◆ Entries provided:
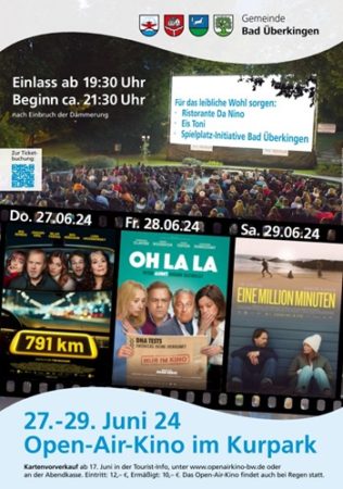 Nach sechs Jahren Pause kehrt das beliebte Open-Air-Kino in den Kurpark von Bad Überkingen zurück. Vom 27. Juni bis 29. Juni 2024 erwartet die Besucher an drei Abenden ein abwechslungsreiches Filmprogramm unter freiem Himmel.
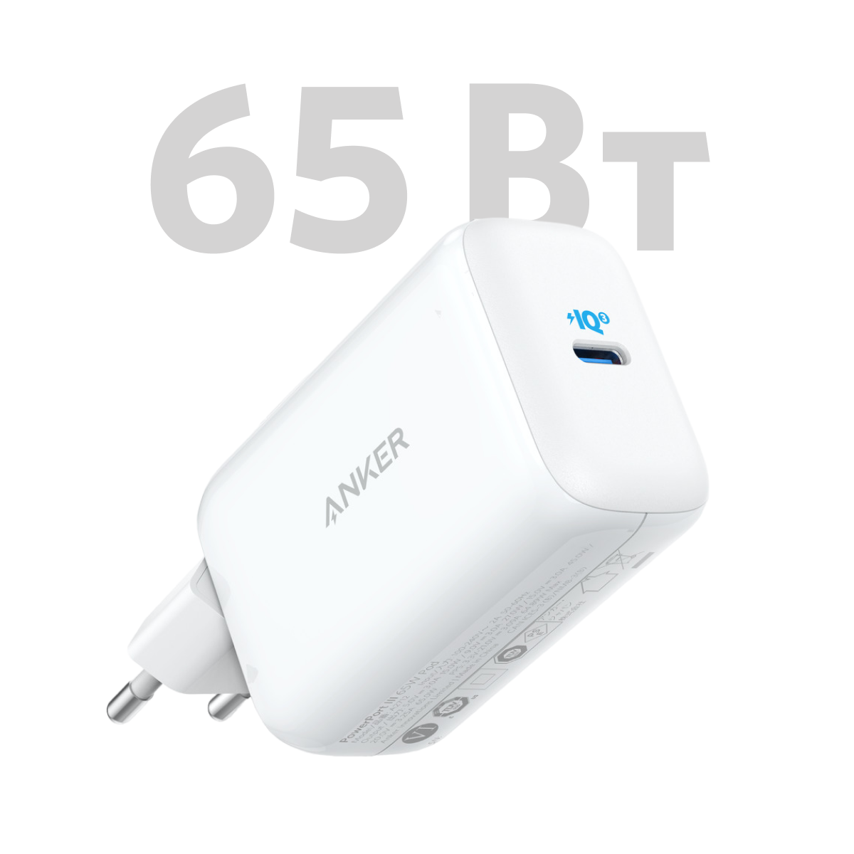 Сетевое зарядное устройство Anker PowerPort III Pod 65W USB-С для iPhone 15/14/13/12 и других устройств (A2712), белый
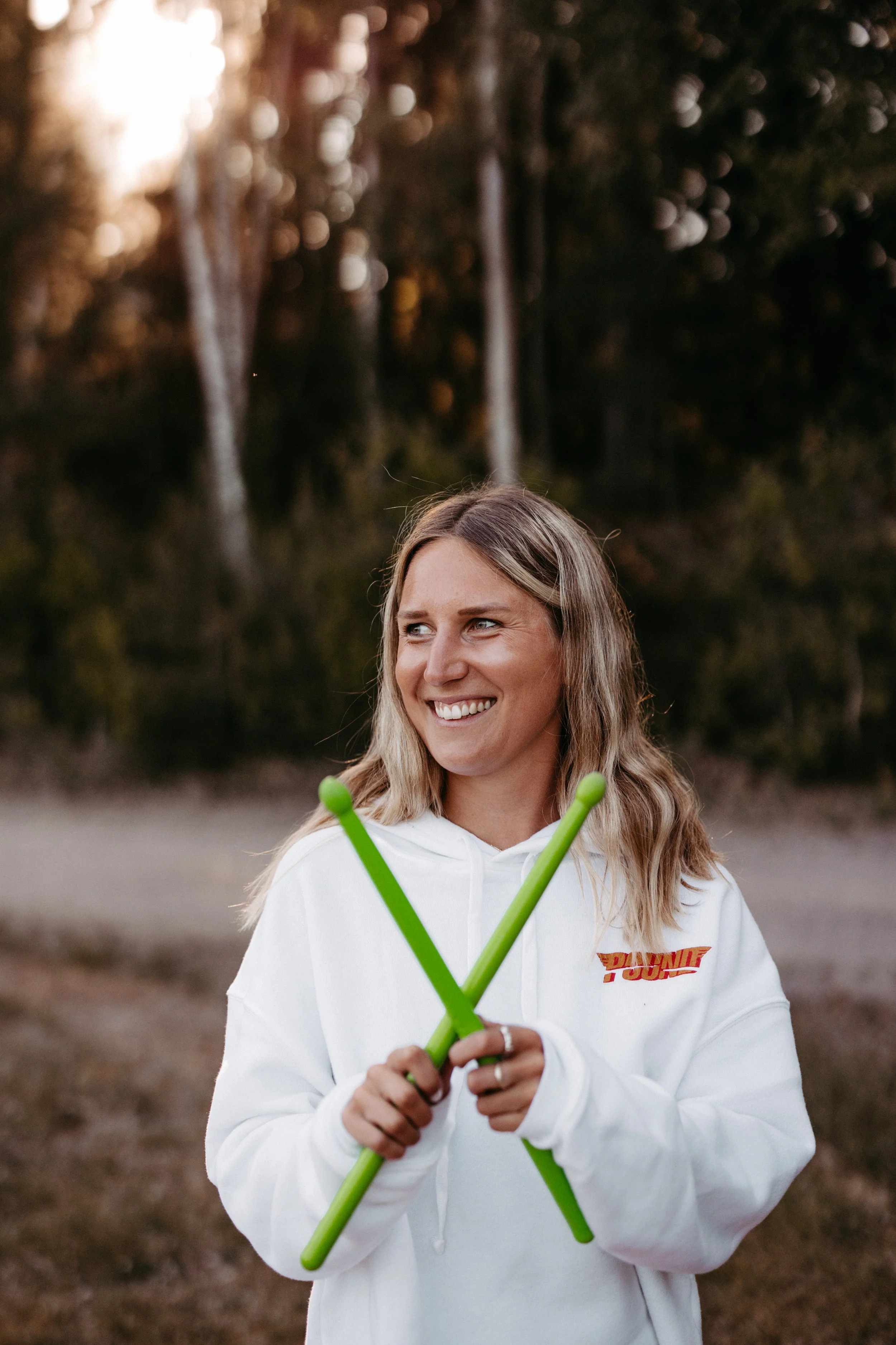 Hej! I’m Sara Nöjd, and my journey with POUND® began in 2020 back in my hometown of Ekenäs, Finland. While visiting from Switzerland, I joined classes taught by an inspiring instructor named Lotta. Something clicked. I found a workout that wasn’t just about fitness but also about confidence, fun, and connection.
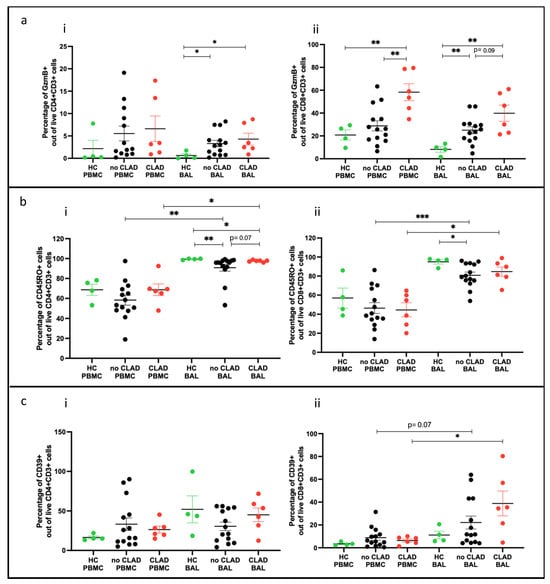 We examined effector T cells (Teffs) and memory T cells (Tmems) in participants stratified into three groups: ‘healthy control’ (HC: n = 4), ‘no CLAD’ (unaffected by CLAD: n = 14), and ‘CLAD’ (affected by CLAD: n = 6), comparing differences in cell proportions. In BAL, proportions of CD4+ and CD8+ Teffs (granzyme B+) were higher in both CLAD (p = 0.019, p = 0.0095) and no CLAD (p = 0.018, p = 0.0078) groups compared to the healthy group (Figure 8a(i,ii)). In PBMC, proportions of CD8+ Teffs were higher in the CLAD group than in the healthy group (p = 0.0046) (Figure 8a(ii)).
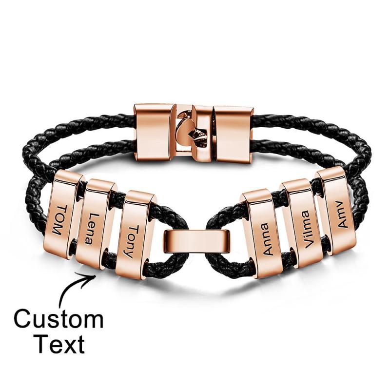 Engraved Beads Leather Bracelet Custom Letter Name Bracelet Father's Day Gift
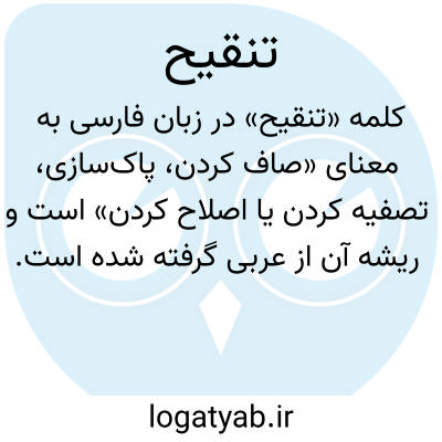 کلمه «تنقیح» در زبان فارسی به معنای «صاف کردن، پاکسازی، تصفیه کردن یا اصلاح کردن» است و ریشه آن از عربی گرفته شده است. این واژه معمولاً در متون علمی، ادبی و فقهی به کار میرود و دلالت بر کاری دارد که نقصها، اشتباهها یا ناخالصیها را از یک متن، اثر، نظریه یا مادهای برطرف کند. در متون فقهی، «تنقیح» به معنای اصلاح و بازبینی قوانین، احکام یا متون شرعی برای رفع ابهام و ارائه نسخهای روشن و دقیق است. در علوم و ادبیات، تنقیح میتواند به ویرایش و بازنویسی متون برای روانی و دقت بیشتر اشاره داشته باشد. همچنین در طب سنتی و شیمی، به فرایند تصفیه مواد و جدا کردن ناخالصیها گفته میشود. این واژه بیانگر دقت، اصلاح و پاکیزگی در هر زمینهای است. به عبارت دیگر، تنقیح عملی برای رسیدن به شکل کامل، بدون نقص و خالص یک چیز است. مترادفهایی چون «اصلاح»، «پاکسازی»، «بهبود» و «ویرایش» نیز معنای مشابهی دارند. استفاده از این واژه در متون رسمی و علمی نشاندهنده توجه به دقت و صحت محتوا یا ماده مورد نظر است.
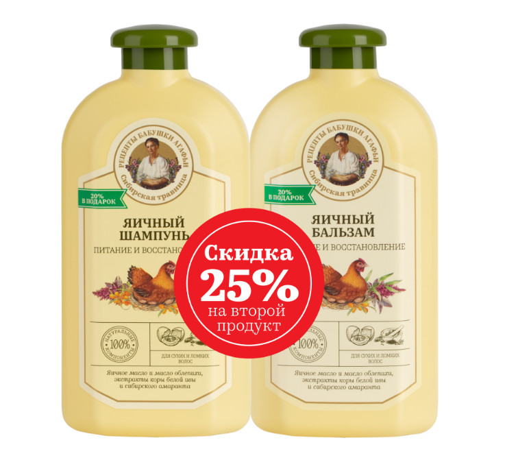 Яичный желток питает кожу головы и волосы смягчает. Облепиховое масло волосяные луковицы пробуждает, витаминами их насыщает и структуру локонов восстанавливает. Кора белой ивы росту и укреплению способствует, а сибирский амарант лечит ломкие волосы, не даёт им обезвоживаться и дарит блеск. Применяй яичный шампунь регулярно и увидишь – были волосы сухие, ломкие, а стали упругие, шелковистые да блестящие. Помочь сухим и ломким волосам может испытанное средство – яичный желток и масло! И то, и другое в бальзаме «Питание и восстановление» содержится. Яичный желток помогает волосам сохранять влагу, облегчает расчёсывание, придаёт мягкость. Облепиховое масло витаминами насыщает, делает локоны блестящими. Кора белой ивы укреплению способствует, а сибирский амарант лечит ломкие волосы, не даёт им обезвоживаться, дарит блеск. Применяй яичный бальзам регулярно после использования шампуня, и скоро убедишься в силе яичного масла – волосы сухие и ломкие станут упругие, шелковистые да блестящие.
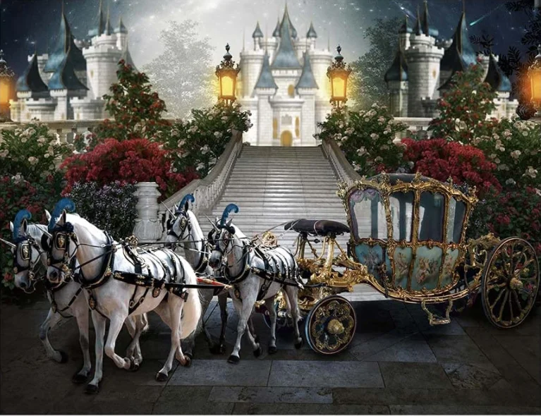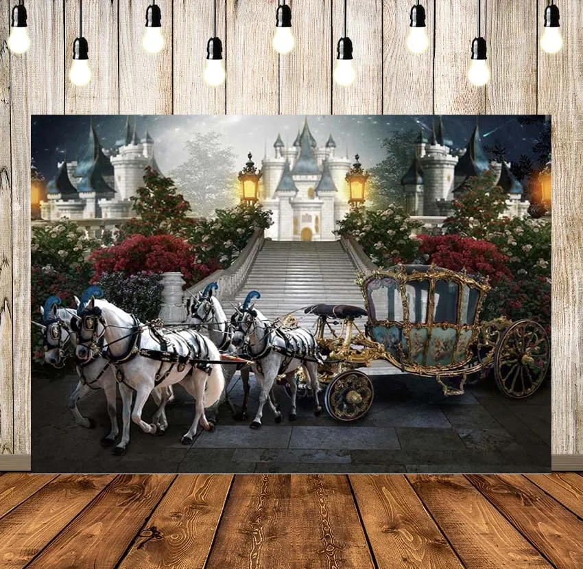Фон для фотосъемки с изображением кареты Золушки, голубого замка, ночного замка, лошади, лестницы
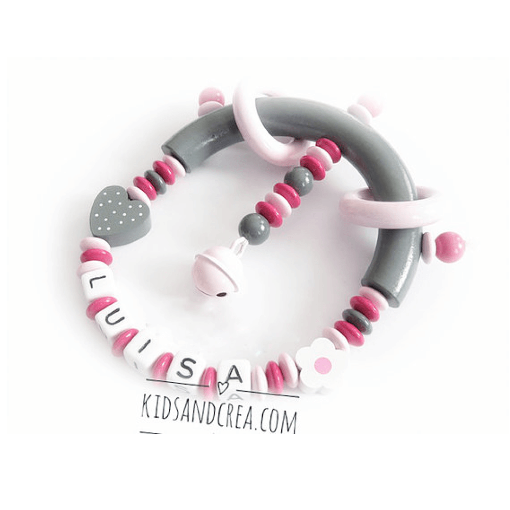 Hochet avec le prénom de votre choix. Le hochet est fabriquée de perles en bois. La peinture qui recouvre les perles est non toxique et sans solvant. Résistante à la salive et à la sueur elle est conforme à la norme européenne jouet DIN EN 71.3. Nous confectionnons nos hochets à la main en France.

◆ Problem statement:
Please set down only the lines from the one containing "Яичный желток питает" through the end of the entries, exactly as they stand, both ends included and with no pictures.

◆ Output of the task:
 Яичный желток питает кожу головы и волосы смягчает. Облепиховое масло волосяные луковицы пробуждает, витаминами их насыщает и структуру локонов восстанавливает. Кора белой ивы росту и укреплению способствует, а сибирский амарант лечит ломкие волосы, не даёт им обезвоживаться и дарит блеск. Применяй яичный шампунь регулярно и увидишь – были волосы сухие, ломкие, а стали упругие, шелковистые да блестящие. Помочь сухим и ломким волосам может испытанное средство – яичный желток и масло! И то, и другое в бальзаме «Питание и восстановление» содержится. Яичный желток помогает волосам сохранять влагу, облегчает расчёсывание, придаёт мягкость. Облепиховое масло витаминами насыщает, делает локоны блестящими. Кора белой ивы укреплению способствует, а сибирский амарант лечит ломкие волосы, не даёт им обезвоживаться, дарит блеск. Применяй яичный бальзам регулярно после использования шампуня, и скоро убедишься в силе яичного масла – волосы сухие и ломкие станут упругие, шелковистые да блестящие.
Фон для фотосъемки с изображением кареты Золушки, голубого замка, ночного замка, лошади, лестницы
 Hochet avec le prénom de votre choix. Le hochet est fabriquée de perles en bois. La peinture qui recouvre les perles est non toxique et sans solvant. Résistante à la salive et à la sueur elle est conforme à la norme européenne jouet DIN EN 71.3. Nous confectionnons nos hochets à la main en France.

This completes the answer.